Kiki, Will You Hire Me? How Tinder is Becoming the New LinkedIn

Love and Sex

Kiki, Will You Hire Me? How Tinder is Becoming the New LinkedIn

Illustration: Robin Chakraborty

It isn’t the best time to be on dating apps. The pressures of having profile pictures that resemble stills from an Imtiaz Ali film so your wanderlust is aptly highlighted and the unending Kafka quotes by sapiosexuals were tough enough. And then there were the new dating rules and vocabulary like “ghosting” and “cushioning” and “benching” that we had to suddenly keep up with. Now dating apps have also become testing grounds for your entrepreneurial ventures, a way to conduct a free feasibility run or a dipstick survey for a new product or an idea.

Recently, a colleague of mine went on a date where her prospect tried to sell her weed – naturally, she was taken aback. It came as a shocker but the tola of half-decent weed we got out of it helped us deal with the shock. Another friend had it even worse when the girl he matched with admitted to only expressing an interest in him because both their offices were in Bandra. And she needed someone to share an Uber to work with. Apparently, being UberPool-zoned is a thing.

From catfishes to straight-up serial killers, Tinder has certainly seen a diversification of it’s once mainly DTF audience. Among this new crop of online dating dramatis personae are the Serial Networkers or Networking Nymphs, an enterprising breed that gets its jollies from job-seeking and/or head-hunting on dating apps. It isn’t uncommon for Networking Nymphs to put their occupation in their bio, have a LinkedIn-esque profile picture complete with formal wear and vague captions like, “Doer, believer, dreamer.” They’re not swiping on your dating profile; they’re swiping your job profile.

Welcome to Tinder, the new LinkedIn. It does indeed start here. If this new hybrid dating app had a CV, it would list “versatility” under the Strengths section, because it is ready to take on a multiplicity of roles.
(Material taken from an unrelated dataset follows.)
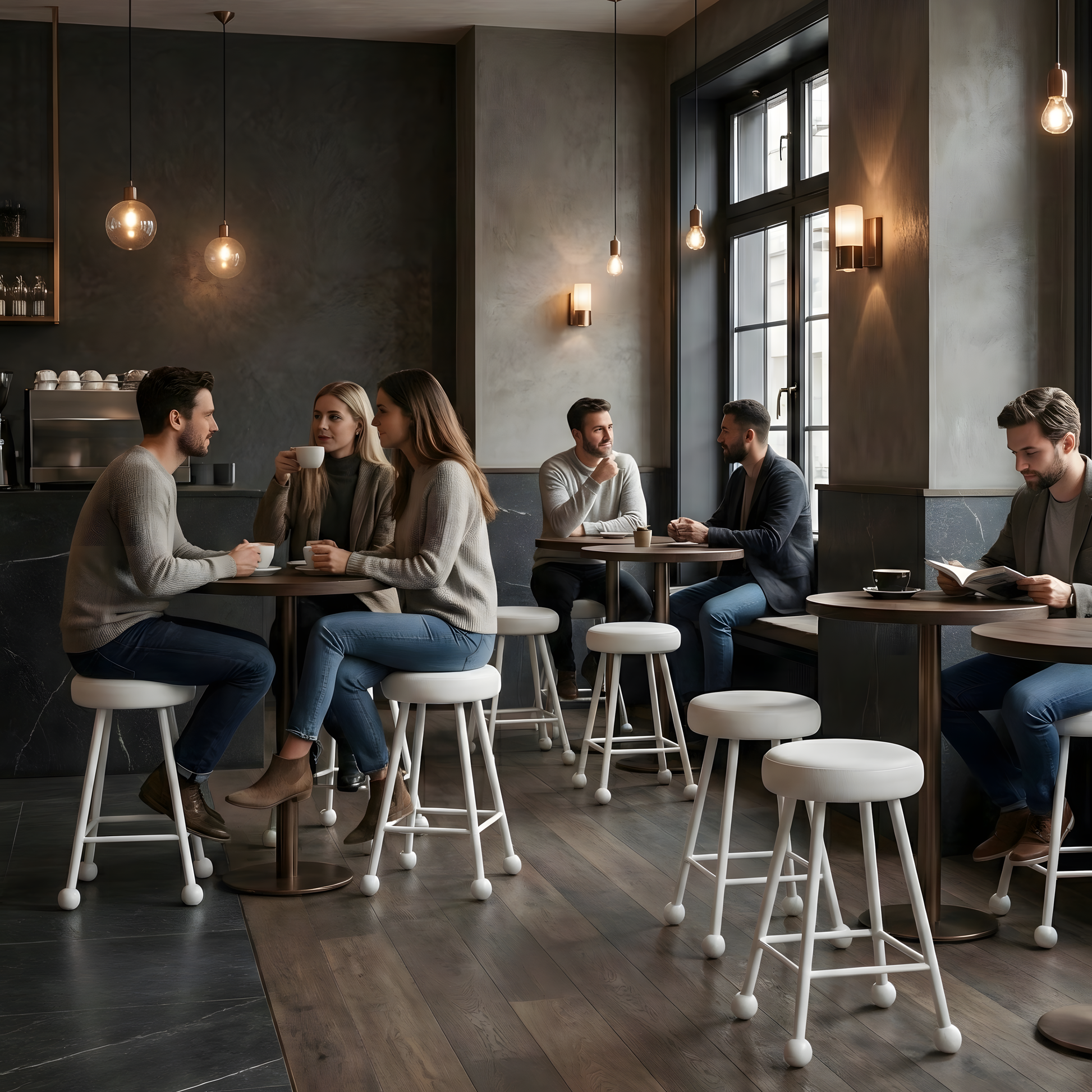 Tabure Deri Döşemeli Bembeyaz Metal Ayaklı – 47cm 19mm boru demir ve 10mm dolu atkı demiri kullanılarak sağlam bir yapıya sahip olan ürün, hem dayanıklı hem de estetik bir görünüm sunar. Üzerindeki tekstür boya ve elektrostatik fırın boya ile işlenmiş olan ürün, uzun ömürlü kullanım vadediyor.

Latesh is a bright 27-year-old and one of my (exactly four) friends. He started his own digital marketing agency at 23 and like most start-up bros, the “Founder and CEO” job title in his bio, he says, is sacrosanct to his success with the ladies. Also, realising he’s at the fag end of his 20s, Latesh is consciously looking to meet women with long-term relationship goals that match his. So I was surprised when he told us how smitten he is after one date with Mala, a 21-year-old final year BMM student. While we tried to overlook that Mala was alarmingly out of his league, she also “just happened to be an aspiring digital marketer”. Two dates in, she popped the question: “Do you think I could be a good fit at your company?”, wasn’t the question Latesh was hoping for. Thankfully, he had the good sense of letting her down gently and telling her he would look into recommending her to other agencies. Mala has been breadcrumbing Latesh ever since.

There are spaces to make boardroom connections and places to make bedroom connections. But perhaps our generation is okay with intertwining the two.
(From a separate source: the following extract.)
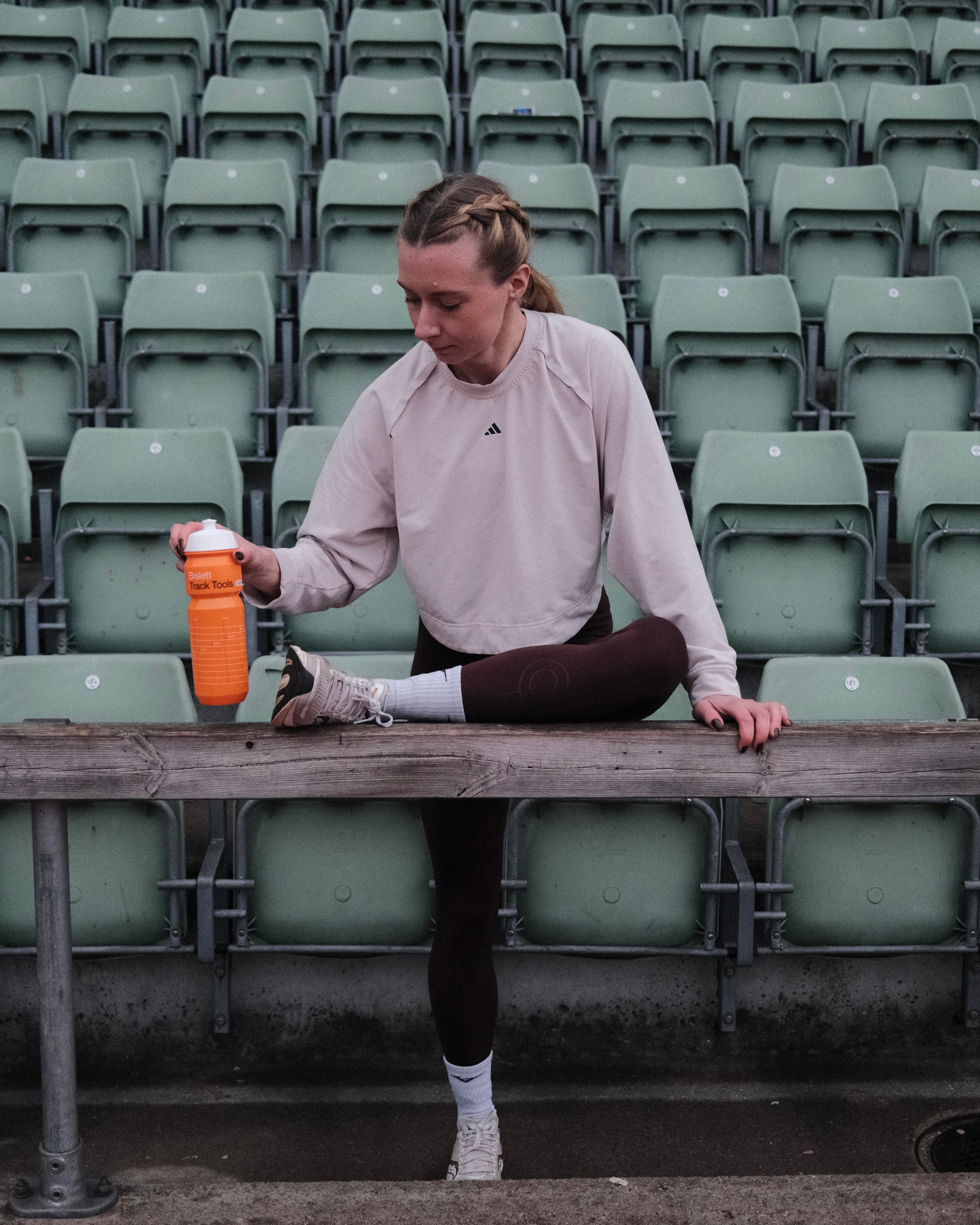 Med sine 546.5 meter på runden er ikke innendørsbanen på Bislett Stadion akkurat kjent for å være særlig enkel for den mentale matten når du løper lengre drag. Dette gjør BTT TrackMate til det perfekte treningsverktøyet for løpere som trener innendørs på Bislett Stadion. Med rundediagram printet direkte på flasken, kan du enkelt se hvor du skal stoppe når du løper ulike distanser som f.eks. 1000m, 1200m eller 3000m. Og trenger du mer komplekse utregninger er det bare å ta turen over til Bislett.run.

The whole LinkedIn-isation of Tinder took me back to 2014. It was the early days of dating apps and I was fresh out of college. Desperate for a job, I deemed it okay to swipe right on an executive producer with the sole intention of getting hired on a project she was producing. Thankfully, my attempts at weaseling my way into a job were thwarted when she never matched back with me. Back then though, Tinder was still a dating app and nowhere close to the sea of spam it is now.

Perhaps the death knell for Tinder as a romantic app was sounded when Format Magazine defined Tinder as, “a helpful platform for putting out open calls for interns, apprentices, or business partners, and it naturally selects for a local demographic. Maybe not so romantic, but Tinder was never romantic.” Truer words were never spoken.  

Of course, there are spaces to make boardroom connections and places to make bedroom connections. But perhaps our generation is okay with intertwining the two.  May be nonchalantly switching between private, intimate conversation and professional workspace banter isn’t that big a deal anymore.

While it’s fair to assume that “only here for networking” is the new “not here for hookups”, I worry about what’s next. In the past year alone, I’ve come across profiles of happily married men and women, DPs with their family et al, looking for potential matches to satiate their networking nymphomania. There’s also a steadily growing number of young creatives swiping right for freelance work on dating apps. But my most terrifying experience was when an HR slid into my DMs on Facebook to offer me (and five other writers from our team) a job opportunity at their new, up-and-coming content firm. It’s made me miss the days when unsolicited Facebook DMs read “show bobs and vagene” as opposed to “see jobs and mail chain.”

For those of you who turn to Tinder in a low moment, now you have a new reason to consider it when you’ve actually been fired. It’s not idling or living in denial – now you know that any swipe can change your [professional] life.